App Review – Through the Ages

With social distancing and us isolating ourselves, apps are becoming even more important in our boardgaming lives.

For the longest time, I’ve been referencing how awesome the Through the Ages app from Czech Games Edition is, but I’ve never actually, you know, reviewed it and such.

While I’m here and while this blog is getting tons of hits for online gaming, let’s rectify that little issue, shall we?

Through the Ages is one of the more complex games I’ve played, but the app makes it so easy. The original base game came out in 2006 and was designed by Vlaada Chvátil and was published by (hey, this sounds familiar) CGE.

When the app came out in 2017, it was based on the revised edition of the game, Through the Ages: A New Story of Civilization (2015) that reworked a bunch of the cards and rebalanced the game some.

In a nice switch, when the New Leaders & Wonders expansion came out in 2019, it came out for the app first.

20200407105750_1

The app is brilliant and the game is pretty damned good too.

Let’s do a short overview of the game before I go onto the app (while you already know it’s awesome, read on to find out just why it’s so great).

Through the Ages is a civilization game that’s done all through cards. There is no board whatsoever. All of the buildings and population that you build during the game, as well as the resources, will be placed on those cards.

You start the game with a Warrior unit, some farmers, some mines, and some science.

20200407105832_1
The beginning of the excellent tutorial

The game goes through the Ancient Age, and then through Ages 1, 2, and 3.

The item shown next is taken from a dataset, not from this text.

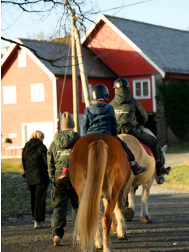
Ridning på Helgeseter Gård.

ikke får dekket behandlingskostnader gjennom det offentlige, samt midler til oppgradering av nødvendig utstyr.

On your turn, you have a certain number of civil actions and military actions that will let you get new cards, build things, and increase your military strength by building military units or playing tactics cards.

There’s  a row of cards at the top of the screen that are available to pick with your civil actions. You can pick them and then you can play them for another civil action. You also have a number of military actions that you can use to build up military strength, which can become very important.

20200406184654_1
All those cards at the top cost one, two, or three civil actions to take into your hand.

Every card you have is public knowledge, except for your military cards, because you visibly choose them. The app keeps them public though in the regular game I guess you keep everything hidden. It’s a sort of “known hidden” information that drives some people nuts.

The mines and farms that players have will be producing resources and food to allow you to increase your population and to build your other buildings or wonders. You can increase the amount of glory you produce each turn by building theaters, or perhaps increase your glory and your science by developing Printing Presses and Journalism buildings.

20200406184730_1

At the beginning of your turn in the Politics phase, you’ll have the option to seed an event card. This card won’t take effect immediately, but will be seeded into the deck and a previously-seeded event will come out instead. These events can be very good at the beginning of the game (build a Warrior for free if you have a population prepared), but as the game wears on they can be bad depending on what your situation is (the strongest civilization can take a population from the weakest, for example).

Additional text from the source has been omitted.